**TASK BRIEF**
Exact wording is required: transcribe all the entries and leave the images out.

**DATA**

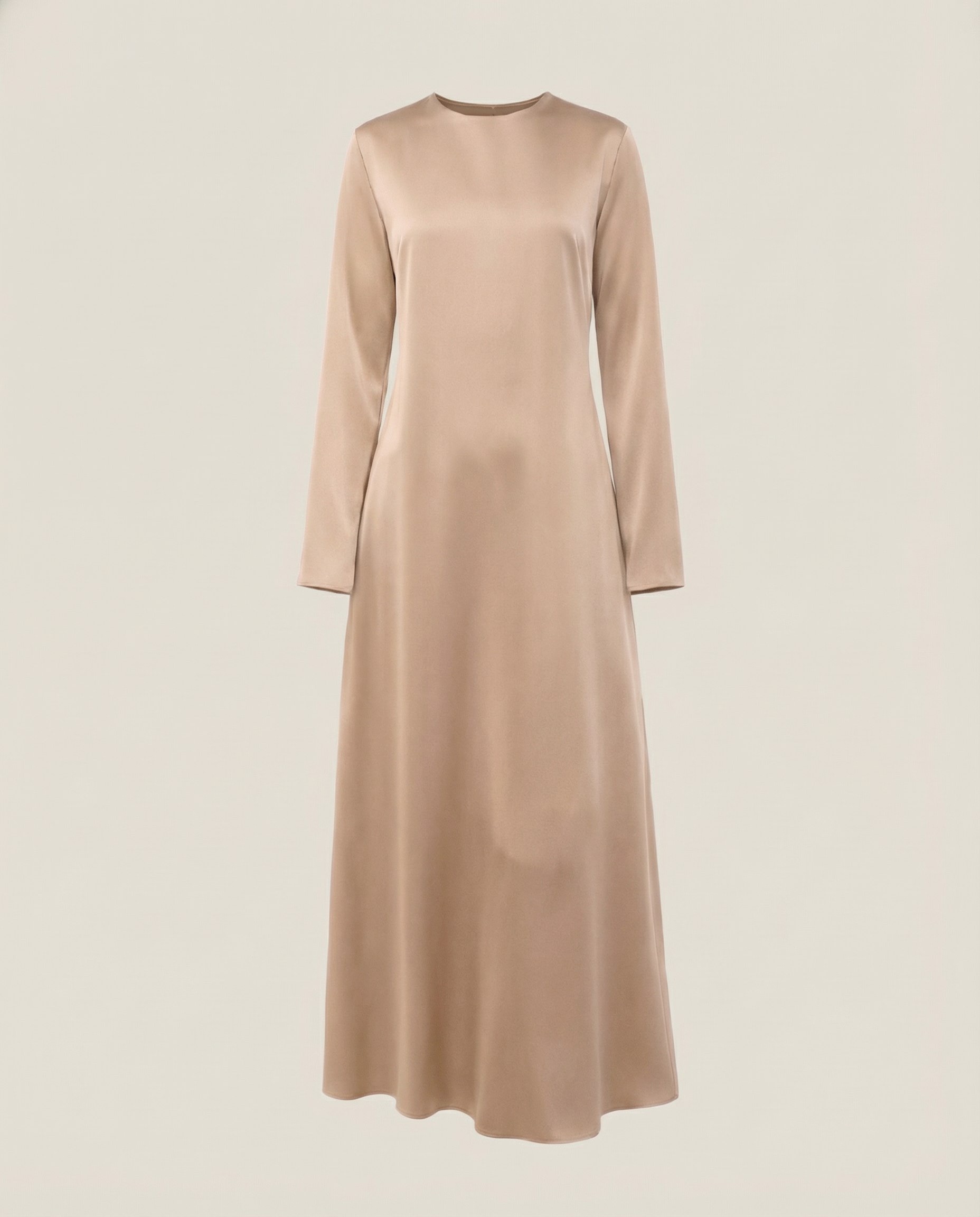 Оригинальное платье выполнено в нежнейшем шелке песочного отлива. Платье отлично впишется в эффектные будни и в элегантные вечера. Уникальность платья в драпировке и сборке по линии талии. Увесистые переливы шелка и изящная завязка наилучшим образом оформляют линию лопаток. Носите платье с лифом по типу бра или накладными силиконовыми элементами. Длина платья- полноценное миди. Ткань плотная и увесистая - стекает по фигуре, элегантно оформляя изгибы тела.
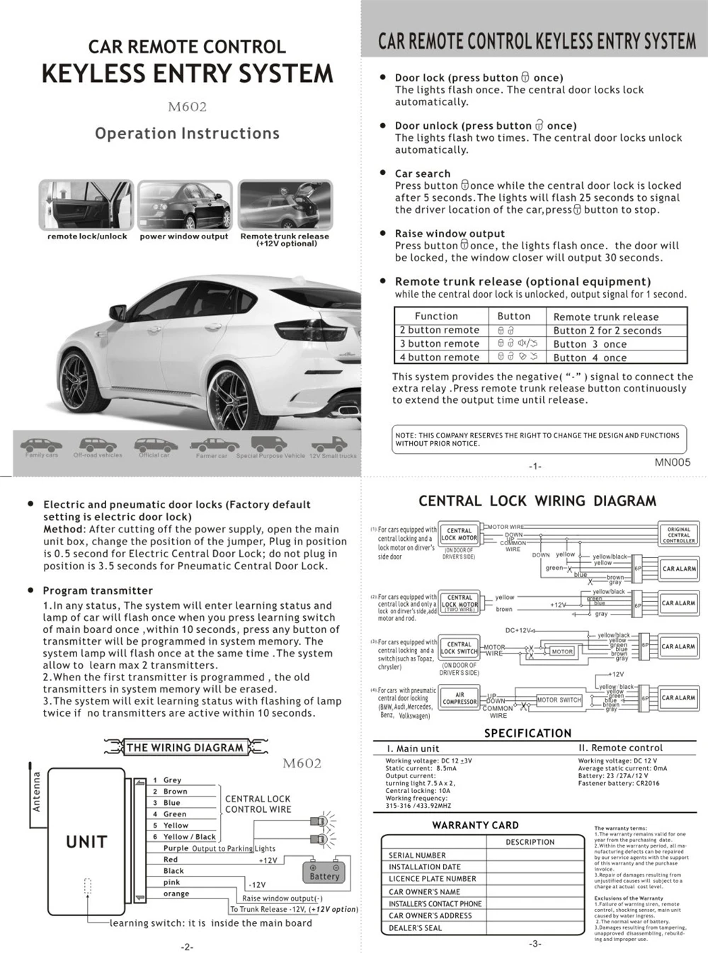 Специальная функция: блокировка, разблокировка, локатор автомобиля (положение поиска), выход сигнала окна, выпуск багажника (-)
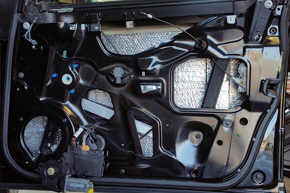 • Обработка дверей и арок: Многослойная изоляция с использованием специальных матов, которые блокируют шум от шин, ветра и внешней среды.
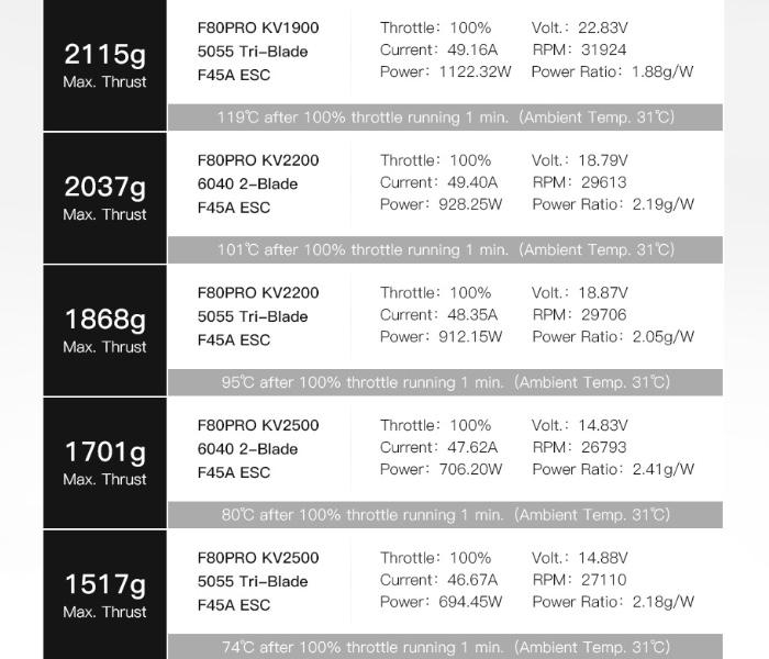 T-motor F80 Pro FPV Racing Motor Motor Diameter: 29mm x 33.6mmWeight: 36.4gCable: 150mm 20AWGShaft Diameter: 5mmConfiguration: 12N14PRate Voltage (LiPo): 3-6S
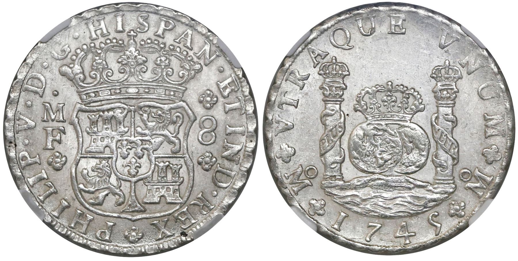 Mexico City, Mexico, pillar 8 reales, Philip V, 1745MF, NGC MS 61.
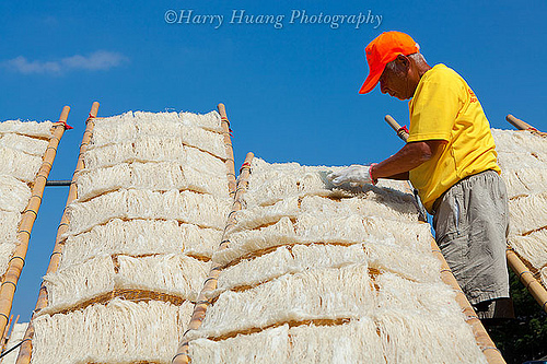 米粉這項(xiàng)食品的制作技術(shù),最早是由中國(guó)福建地區(qū)所傳入,新竹地區(qū)由于特殊的氣候環(huán)境(雨少、風(fēng)勢(shì)強(qiáng)),非常適合制造米粉,從此便成為臺(tái)灣的米粉重鎮(zhèn),成為新竹最具代表性的地方特產(chǎn)。
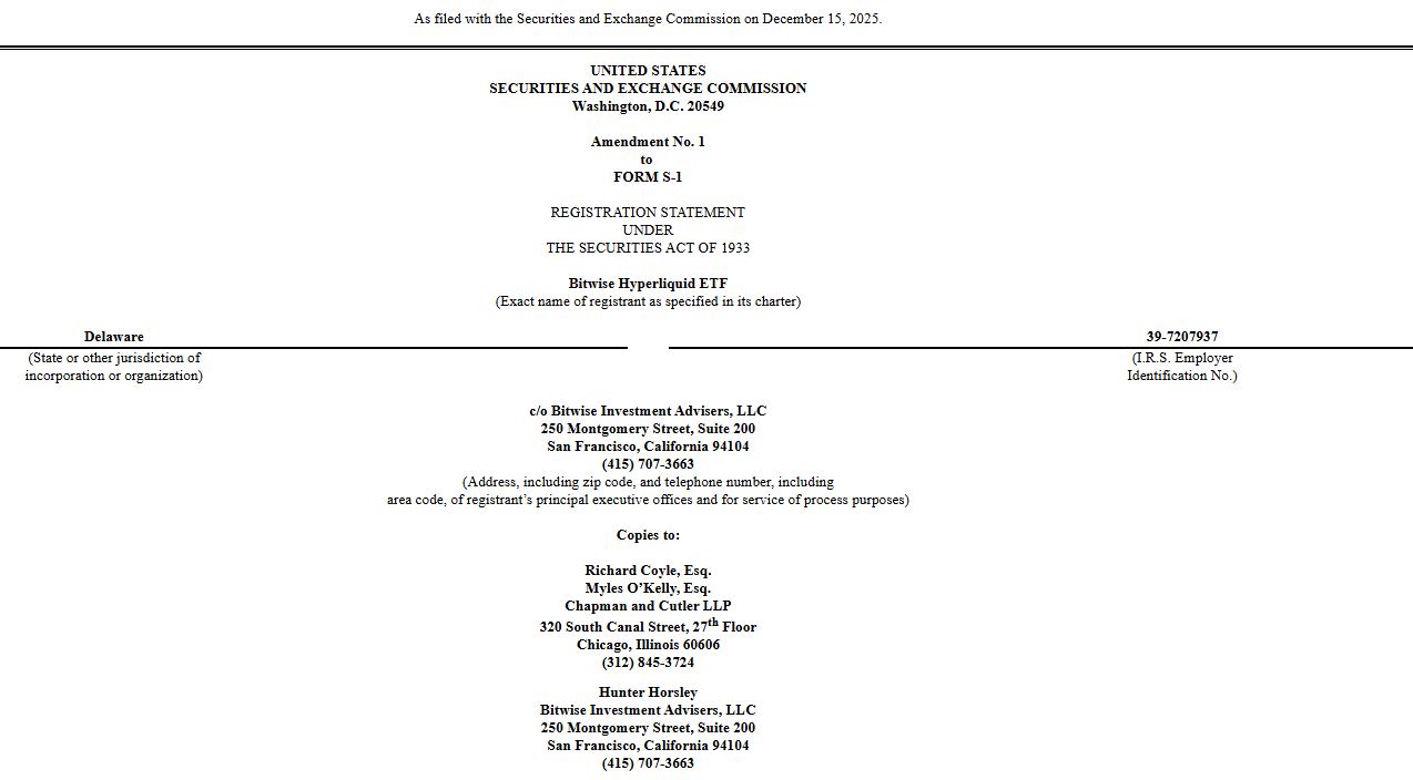 Bitwise, una empresa de gestión de activos digitales, realizó cambios en la solicitud del registro de su fondo cotizado en bolsa (ETF) basado en la criptomoneda hyperliquid (HYPE).
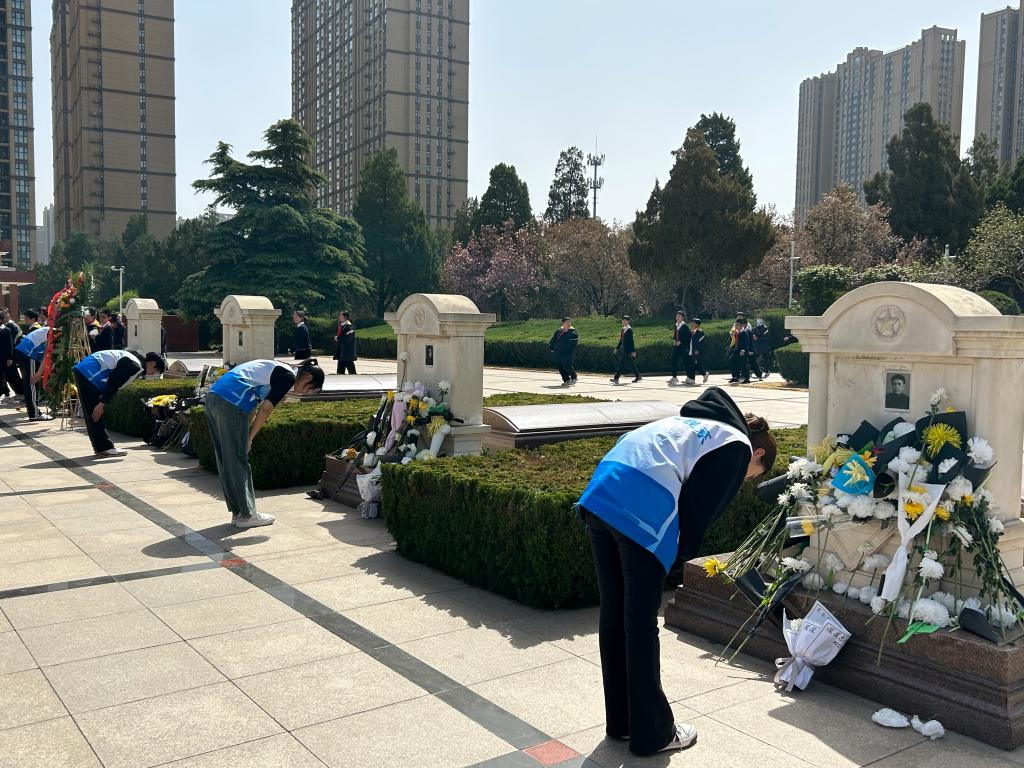 活动开始,同学们整齐地排列在陵园的入口,随着国歌声起,所有人庄严肃立。随后,大家缓步走到烈士墓碑前,向烈士纪念碑鞠躬致敬,敬献鲜花,认真地擦拭烈士墓碑,表达深切的哀思。随后,同学们前往中原烈士纪念馆参观学习了抗日战争厅、解放战争厅,以及焦裕禄、任长霞纪念厅等展厅,被一幅幅英烈的浮雕所震撼,被一个个感人的英烈故事所感动。
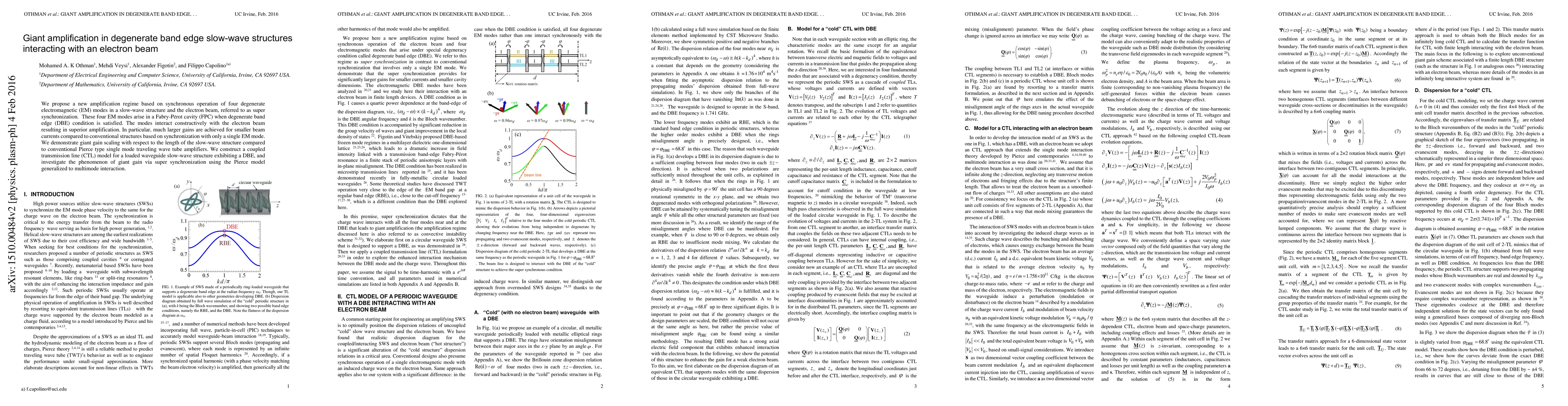We propose a new amplification regime based on synchronous operation of four degenerate electromagnetic (EM) modes in a slow-wave structure and the electron beam, referred to as super synchronization. These four EM modes arise in a Fabry-Perot cavity (FPC) when degenerate band edge (DBE) condition is satisfied. The modes interact constructively with the electron beam resulting in superior amplification. In particular, much larger gains are achieved for smaller beam currents compared to conventional structures based on synchronization with only a single EM mode. We demonstrate giant gain scaling with respect to the length of the slow-wave structure compared to conventional Pierce type single mode traveling wave tube amplifiers. We construct a coupled transmission line (CTL) model for a loaded waveguide slow-wave structure exhibiting a DBE, and investigate the phenomenon of giant gain via super synchronization using the Pierce model generalized to multimode interaction.
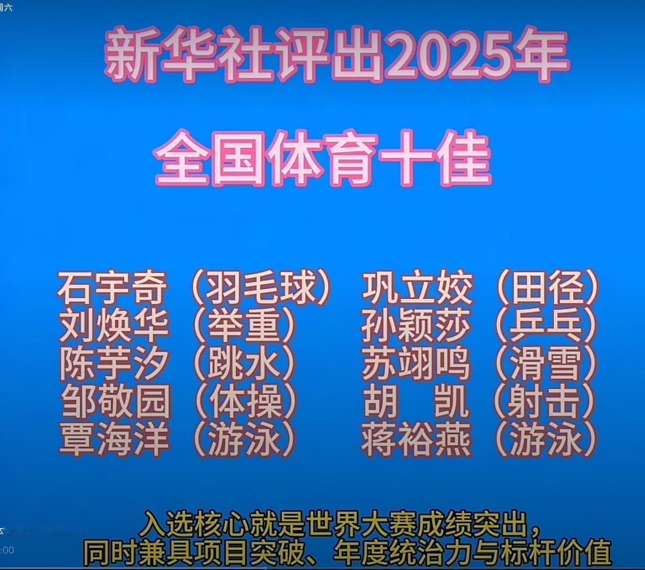 新华社认证的“十佳”, 陈芋汐凭什么稳坐C位? 新华社2025年全国体育十佳名
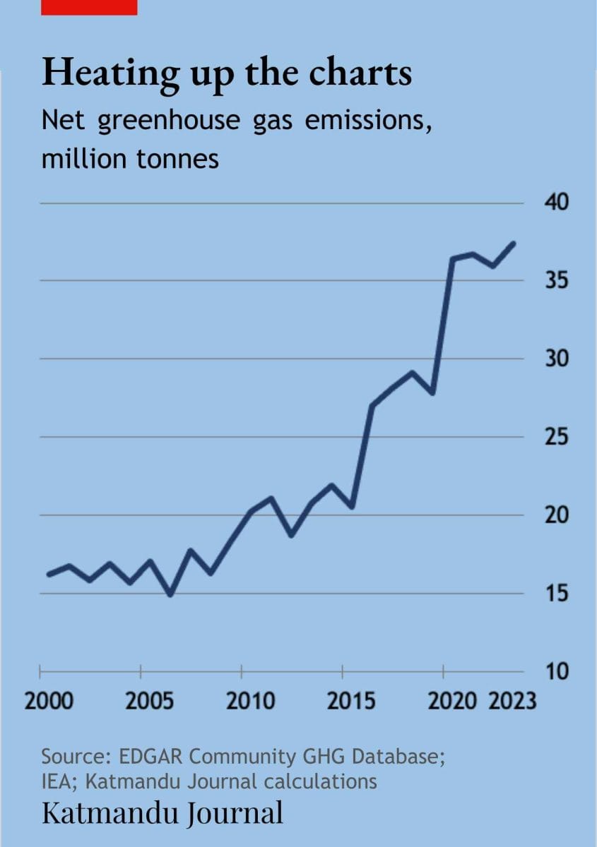 The acceleration reflects an economic aspiration. Nepal will graduate from the UN’s least-developed country status in 2026 and has set its sights on becoming a middle-income economy. Industrial output is rising and cities are expanding, as well as consumption is growing. Those are trends consistent with the early stages of economic transformation. But they are also closely associated with rising emissions, particularly in countries where policy frameworks lag behind structural change. In Nepal’s case, the transition is not yet being managed with much attention to carbon efficiency.
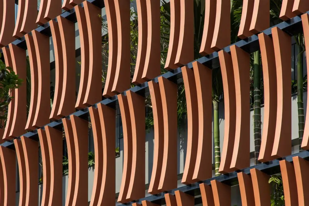 Mặt tiền kiến ​​trúc của tòa nhà tạo nên một lớp màu xanh lam gợi nhớ đến những ký ức truyền thống của người Việt Nam. Lớp kính này sẽ làm giảm cường độ ánh sáng mặt trời chiếu vào tòa nhà, đồng thời tăng thêm sự riêng tư cho các không gian sinh hoạt bên trong. Lớp vườn nằm giữa lớp màu xanh lam và các không gian sinh hoạt là một không gian trung gian giúp điều hòa vi khí hậu và làm nổi bật cảnh quan, tạo cảm giác thư thái cho tâm hồn con người.
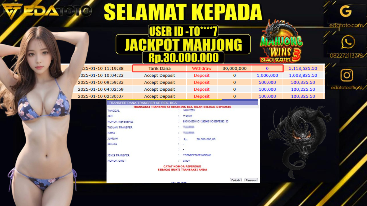 Selamat Kepada Pemilik user ID : TO****7 Hari/Tanggal : SABTU/ 11 , JANUARY 2025 Jackpot : Rp. 30.000.000 JT Permainan . . .

**ANSWER TO THE EXERCISE**
 Оригинальное платье выполнено в нежнейшем шелке песочного отлива. Платье отлично впишется в эффектные будни и в элегантные вечера. Уникальность платья в драпировке и сборке по линии талии. Увесистые переливы шелка и изящная завязка наилучшим образом оформляют линию лопаток. Носите платье с лифом по типу бра или накладными силиконовыми элементами. Длина платья- полноценное миди. Ткань плотная и увесистая - стекает по фигуре, элегантно оформляя изгибы тела.
 Специальная функция: блокировка, разблокировка, локатор автомобиля (положение поиска), выход сигнала окна, выпуск багажника (-)
 • Обработка дверей и арок: Многослойная изоляция с использованием специальных матов, которые блокируют шум от шин, ветра и внешней среды.
 T-motor F80 Pro FPV Racing Motor Motor Diameter: 29mm x 33.6mmWeight: 36.4gCable: 150mm 20AWGShaft Diameter: 5mmConfiguration: 12N14PRate Voltage (LiPo): 3-6S
 Mexico City, Mexico, pillar 8 reales, Philip V, 1745MF, NGC MS 61.
 米粉這項(xiàng)食品的制作技術(shù),最早是由中國(guó)福建地區(qū)所傳入,新竹地區(qū)由于特殊的氣候環(huán)境(雨少、風(fēng)勢(shì)強(qiáng)),非常適合制造米粉,從此便成為臺(tái)灣的米粉重鎮(zhèn),成為新竹最具代表性的地方特產(chǎn)。
 Bitwise, una empresa de gestión de activos digitales, realizó cambios en la solicitud del registro de su fondo cotizado en bolsa (ETF) basado en la criptomoneda hyperliquid (HYPE).
 活动开始,同学们整齐地排列在陵园的入口,随着国歌声起,所有人庄严肃立。随后,大家缓步走到烈士墓碑前,向烈士纪念碑鞠躬致敬,敬献鲜花,认真地擦拭烈士墓碑,表达深切的哀思。随后,同学们前往中原烈士纪念馆参观学习了抗日战争厅、解放战争厅,以及焦裕禄、任长霞纪念厅等展厅,被一幅幅英烈的浮雕所震撼,被一个个感人的英烈故事所感动。
We propose a new amplification regime based on synchronous operation of four degenerate electromagnetic (EM) modes in a slow-wave structure and the electron beam, referred to as super synchronization. These four EM modes arise in a Fabry-Perot cavity (FPC) when degenerate band edge (DBE) condition is satisfied. The modes interact constructively with the electron beam resulting in superior amplification. In particular, much larger gains are achieved for smaller beam currents compared to conventional structures based on synchronization with only a single EM mode. We demonstrate giant gain scaling with respect to the length of the slow-wave structure compared to conventional Pierce type single mode traveling wave tube amplifiers. We construct a coupled transmission line (CTL) model for a loaded waveguide slow-wave structure exhibiting a DBE, and investigate the phenomenon of giant gain via super synchronization using the Pierce model generalized to multimode interaction.
 新华社认证的“十佳”, 陈芋汐凭什么稳坐C位? 新华社2025年全国体育十佳名
 The acceleration reflects an economic aspiration. Nepal will graduate from the UN’s least-developed country status in 2026 and has set its sights on becoming a middle-income economy. Industrial output is rising and cities are expanding, as well as consumption is growing. Those are trends consistent with the early stages of economic transformation. But they are also closely associated with rising emissions, particularly in countries where policy frameworks lag behind structural change. In Nepal’s case, the transition is not yet being managed with much attention to carbon efficiency.
 Mặt tiền kiến ​​trúc của tòa nhà tạo nên một lớp màu xanh lam gợi nhớ đến những ký ức truyền thống của người Việt Nam. Lớp kính này sẽ làm giảm cường độ ánh sáng mặt trời chiếu vào tòa nhà, đồng thời tăng thêm sự riêng tư cho các không gian sinh hoạt bên trong. Lớp vườn nằm giữa lớp màu xanh lam và các không gian sinh hoạt là một không gian trung gian giúp điều hòa vi khí hậu và làm nổi bật cảnh quan, tạo cảm giác thư thái cho tâm hồn con người.
 Selamat Kepada Pemilik user ID : TO****7 Hari/Tanggal : SABTU/ 11 , JANUARY 2025 Jackpot : Rp. 30.000.000 JT Permainan . . .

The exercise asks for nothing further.